Но Марья Никитична померла. Кузьмич был выбит из колеи, и уж не так бойко тарахтела его четырехколесная деревянная водовозка, не так тучны стали огородные гряды. А меж тем жизнь брала свое, и в какой-то гнетущий час сошелся Кузьмич с женщиной, вероятно, в надежде, что та скрасит последние годы его жизни. Событие это тут же вывело на арену дочь с зятем. Убоявшись претендентки на наследство, они потребовали от старика «переписать» дачу на дочь. Кузьмич не стал перечить. Виды же на подругу жизни почему-то вскоре расстроились. Он соорудил себе комнатку на чердаке и, по существу, превратился из владельца дома в приживальщика, хотя по-прежнему гнул спину на участке. Гнула спину и новоявленная «хозяйка» дачи…

Явное владычество над всем держал в своих руках зять Кузьмича. По утрам можно было видеть, как тонкий, молодой, темноволосый, чисто вымытый, гладко зачесанный мужчина в пляжной махровой разлетайке плавно выступал в золотистой дымке утреннего солнца, очевидно планируя в голове дневное задание жене и тестю. Это был, возможно, единственный в округе человек, считавший, что дача предназначена для отдыха, а не для убивающего личность копания в навозе, и данная точка зрения, как ни странно, утверждалась в нем его «бесправным» положением: «Ваша дача — вам и лопаты в руки…» Нить умонастроения человека в пляжной разлетайке протянулась, было заметно, к единственной, обожаемой отцом дочери Белле. Она была избалована и имела великолепный, богатого красного цвета велосипед, при виде которого туманились глаза уличной детворы.

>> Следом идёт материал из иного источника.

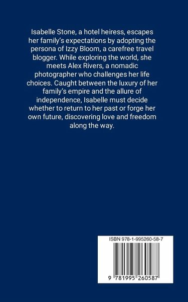 Isabelle Stone, heir to a luxurious hotel empire, is living a life built on expectations, wealth, and status. But behind her glamorous persona lies a woman suffocated by the heavy weight of her family's legacy and the constant pressure to conform to their plans. Longing for freedom and authenticity, Isabelle escapes the spotlight, adopting the alias Izzy Bloom, a carefree travel blogger exploring the world on her terms. As she journeys through exotic locations, capturing the world's beauty through her camera lens, she meets Alex Rivers, a nomadic photographer with a spirit as untamed as the lands he captures. His unconventional lifestyle challenges everything Isabelle thought she knew about success, happiness, and purpose. For the first time, she begins to question her choices-about who she truly is, what she truly wants, and whether her family's empire is worth the price of her soul. But as her secret life unravels, Isabelle is forced to confront the ties that bind her to her past. Caught between her desire for independence and the demands of her family, she must decide whether to return to the world she knows or finally break free for good. The Billionaire's Double Life is a compelling story of self-discovery, love, and the power of choosing your destiny, no matter the cost.

Белла стояла как бы на границе двух групп ребячьего общества — тех, кто роился вокруг Шерри, и взрослой, представляемой Аллой из дачи напротив и очкариком Димкой с другой улицы. К «младшей» группе можно было отнести еще несколько эпизодических фигур, таких, как Мишка, рыжий шкет, неравноправное положение которого (они с матерью были всего лишь съемщиками дачи) вынуждало его к хитрой и недоброй изобретательности в достижении места возле Шерри, или Алеша из дачи напротив, брат Аллы, еще не вышедший из-под власти бабушки, а потому и не воспринимавшийся всерьез уличной гурьбой…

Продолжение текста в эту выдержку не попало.